Las defensas del cuerpo a menudo pueden montar un ataque eficaz contra un virus, siempre que el sistema inmunológico lo “nota”. Stanley quería entender por qué el cuerpo no tiende a eliminar el VPH, como ocurre con muchas otras infecciones virales. Se dio cuenta de que lo inteligente de los virus del papiloma humano es que, en cierto sentido, no plantean demasiados problemas. El VPH infecta las células epiteliales, la capa más externa de células, y no viaja mucho más lejos. Stanley explicó: “Las células epiteliales pasan por su ciclo de vida. Nacen, maduran, mueren y se eliminan”. Las partículas virales completamente formadas, presentes en las células eliminadas, infectan otras células epiteliales vivas. “No hay necesidad de matar una célula”, dijo Stanley. “La célula va a morir de todos modos. Es un ciclo de vida muy eficiente”. De esta manera, las partículas virales del VPH permanecen discretas. Pero a veces hacen que las células epiteliales sean cancerosas.
Desarrollar una vacuna contra el VPH fue particularmente difícil. Una razón fue que los cánceres causados por el VPH suelen aparecer varios años después de la infección inicial. Es posible que un ensayo de vacuna deba durar décadas, y tal retraso podría costar vidas humanas y resultar poco práctico.
La epidemióloga Laura Koutsky de la Universidad de Washington solucionó este problema diseñando, junto con otros, un estudio doble ciego en el que más de dos mil mujeres recibieron tres dosis de vacuna o un placebo equivalente y luego fueron examinadas cada seis meses, no para detectar cáncer sino simplemente para detectar la infección por VPH-16. (El VPH-16 es la cepa de cáncer más común). Un informe inicial, publicado poco más de un año después, no mostró infecciones por VPH-16 en el grupo vacunado. Incluso diez años después, las mujeres vacunadas seguían protegidas. “Fue absolutamente impresionante”, dijo Stanley. En términos de prolongación de la vida, vacunarse contra el VPH es tan importante para una mujer como dejar de fumar.

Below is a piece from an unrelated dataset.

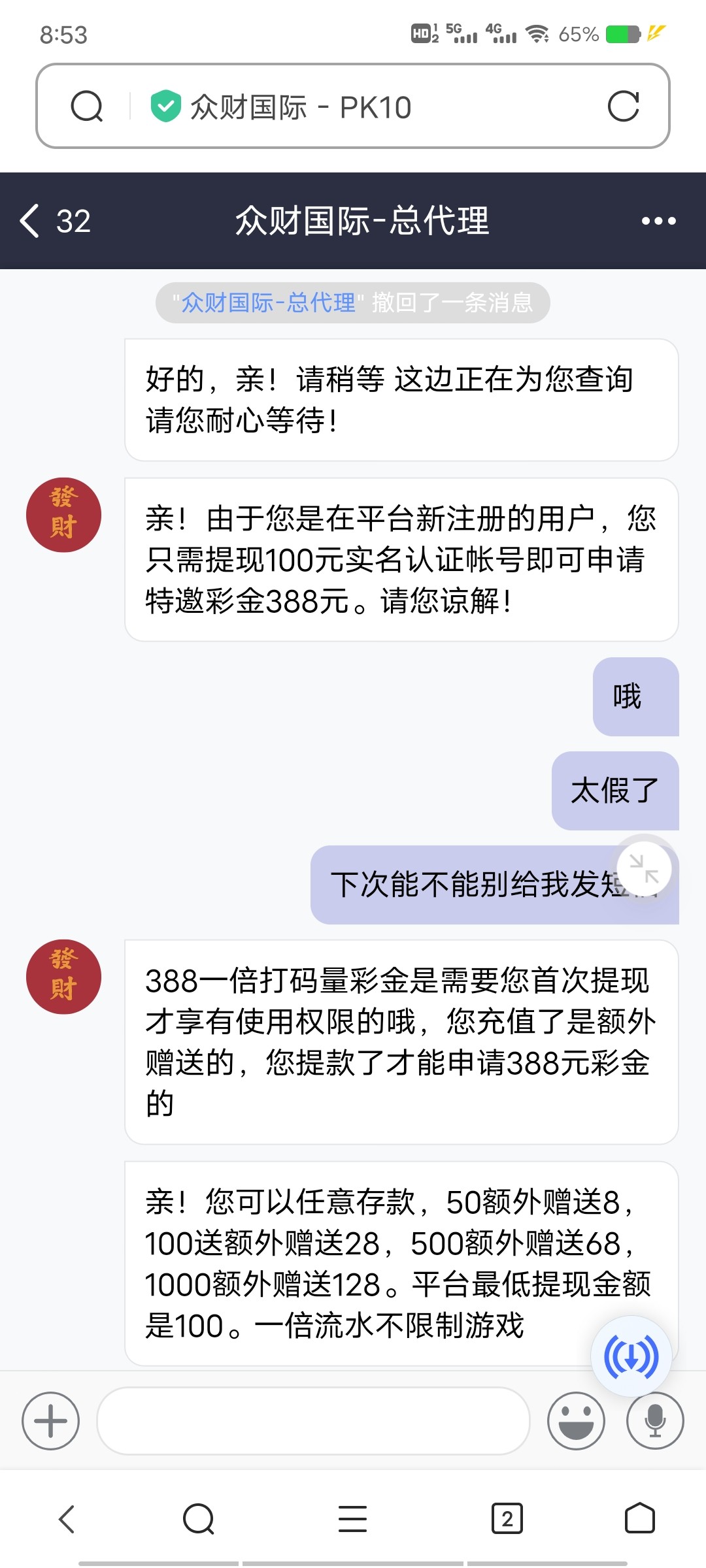 冲jb、388彩金分开送、第一次送38、后面充值才送、都是套路、都他妈曝光了,你还玩

Ruanne Barnabas, médica científica, creció en Sudáfrica, donde su padre trabajaba como botánico y su madre era médica de salud pública. “Tal vez no estaban tan organizados como podrían haberlo estado, así que iba al hospital con mi mamá los fines de semana”, dijo. También pasó muchas tardes en el laboratorio de su padre, dibujando especímenes botánicos. Su formación médica, que coincidió con el inicio de la SIDA epidemia, centrada en enfermedades infecciosas, y posteriormente continuó su formación con el doctorado. en Medicina y Epidemiología Clínica en Oxford. Para su tesis, construyó modelos matemáticos utilizando ensayos clínicos de las primeras vacunas contra el VPH aprobadas para su uso en Inglaterra y Estados Unidos. La vacuna fue capaz de salvar vidas; la cuestión apremiante era cómo aumentar el acceso y reducir los costos. El cáncer de cuello uterino es actualmente el cuarto cáncer más común entre las mujeres en todo el mundo, pero en países como India y Kenia, su prevalencia ocupa el segundo lugar después del cáncer de mama. Aunque el costo de las vacunas contra el VPH es asequible para los países ricos, sigue siendo prohibitivo para la mayoría de los países de ingresos bajos y medianos.